So let me get this straight...it appears that you think it's rational to compare the effects of stimulus vs. austerity on debt/GDP ratio by omitting any spending related to the stimulus effort which occurred in 2008 and 2009 (i.e. Economic Stimulus Act of 2008 and American Recovery and Reinvestment Act of 2009). The way you think is very interesting.
I'm not sure where you ever got such an idea. France and the US both enacted stimulative policies in 2008 and 2009. 2010 is when their two policies diverged. When you're analyzing a policy change that's what you look for.

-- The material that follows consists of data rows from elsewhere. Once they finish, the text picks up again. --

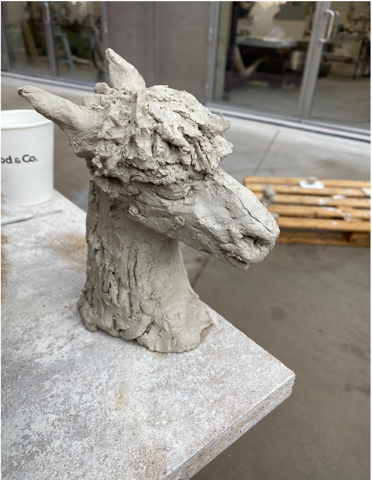
Alpakkamallit pihalla, pienten keramiikkaveistosten työstöä. Kuvataideakatemia takapiha, Figuratiivisen kuvanveiston kurssi, 2021.
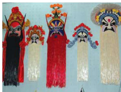
图 1-1-29 编结玩具
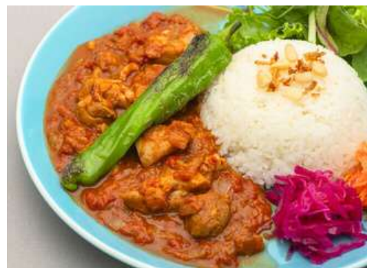
青森県産鶏のスパイスカレー Aomori Chicken Spice Curry ¥1,320-
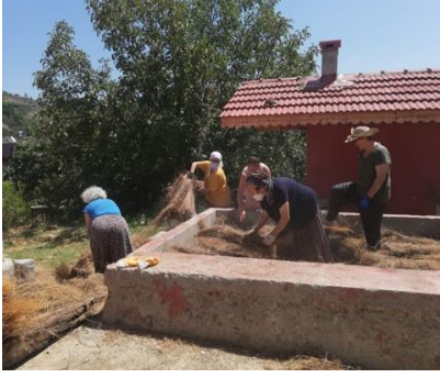
Fotoğraf 18. Ayancık Keten Evi (Kurtuluş İlköğretim Okulu), çürütme havuzu.
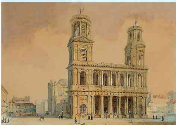
F.E. Villeret „Eglise St Sulpice” (début XIXe)

I wasn't actually discussing the merits of stimulus vs. austerity in this discussion anyway as I feel like that discussion has been over for several years now. The evidence for counter-cyclical stimulus spending is so overwhelming that anyone who isn't convinced at this point is unlikely to be amenable to rational argument. Their objections are likely ideological in nature. There's not really much else to say on it, the evidence speaks for itself.
Hell, look at France's GDP growth. Austerity gets implemented, growth dies.
You may have misunderstood my point in bringing up the US; it was simply as an example of a country that had not engaged in the kind of austerity France did as a benchmark for comparison during that time period. They engaged in hard core austerity, we didn't. Their growth died, ours continued. Their debt to GDP ratio and ours continued on a roughly similar trajectory. That, friend DSF, is what we call policy failure.
Imagine how much better our recovery would have been had we not engaged in austerity at all.